[Lustre-devel] clio layer & portability

Ken Hornstein kenh at cmf.nrl.navy.mil
Thu Jul 22 09:26:24 PDT 2010


>I am not sure I understand this one. CLIO has it own radix tree to
>index cached pages precisely so that it doesn't depend on whatever
>indexing mechanism the host kernel uses (see cl_page_find0()). There
>are two implementations of a radix-tree in the public Lustre code: one
>using Linux kernel lib/radix-tree.c and another for user space in
>libcfs/posix/libcfs.h. I assume Solaris port has another one.

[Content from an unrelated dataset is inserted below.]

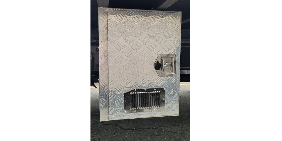 We have all seen generators on catwalks and gas cans swinging by a bungee cord behind the sleeper of a truck. I would not be happy with that installation. I wanted a more streamlined look, something that would match the rest of the truck. I chose to add a toolbox to the truck for securing the generator as well as protect it from weather, vandalism and theft. And this little powerhouse will fit in a small space. I have mine in a 24”L X 18”W X 24”H tool box and there is some room to spare. However, an aluminum toolbox would only amplify the sound of my new quiet generator and make it louder, so I lined the inside with a sound deadening/heat shield material similar to what you find under a car hood. I then cut out openings in the front and rear of the box and added louvered covers to give the generator air flow and also help deter water from getting inside. I added a couple of brackets inside to use for securing the generator to the box with a cam buckle strap, no sense in letting it just bounce around inside. Now I have what looks almost like an ordinary tool box to house my new APU.

Weeeelll .... I can't disagree with you, since you wrote that code, but
from my viewpoint there are still a number of assumptions in the CLIO
layer that seem (to my eye) very Linux-specific.  E.g., the use of
macros like PageWriteback, PageLocked, which from my extremely limited
knowledge of MacOS X equivalents to those macros simply don't exist.
If CLIO is more portable than I first thought, hey, great ... I've
spent a long time trying to trace through the CLIO layers and when I
find it quickly diving into Linux VM functions (sadly, things like the
VM code you did for the Panther port aren't available), that worries
and confuses me.  Since the Linux port is really my only example, it's
hard to figure out the line between what the OS needs to provide versus
what I can emulate on my own.  I came to the conclusion that right now
CLIO it was really really tied to the Linux VM system; if that's wrong,
I'll freely own up to getting it wrong! :-)

>The general assumption of CLIO data page caching is that pages (in
>files and stripe objects) are indexed by their linear logical offset
>(page index), that's all. Well, until you look at the direct-IO code
>paths too closely. :-)

Now, here's where we start running into termology issues: when you say
"linear logical offset", do you mean from the beginning of each _file_,
or something else?  You never deal with anything called a "page index"
on MacOS X that I've found, and the whole termology difference makes
things more confusing.

>> management is handled (I'm not aware of any OS, other than Linux, that
>> provides a callback that the OS can use if they are experiencing memory
>> pressure to tell kernel modules to give up pages).
>
>I think any modern UNIX version does this. BSDs and Solaris have
>PUT_PAGE() vnop. When I was porting Lustre to OS X (Panther times)
>there used to be two ways to do this: at the UBC/VFS level and at the
>UPL/Mach level, I am not sure how things work nowadays.

I was thinking more about the shrinker interface, but on closer inspection
that's not used by the CLIO layer; my apologies for saying otherwise.  Of
course you're right about the VNOP_PAGEOUT call (which you mention in your
second email); that's the obvious choice.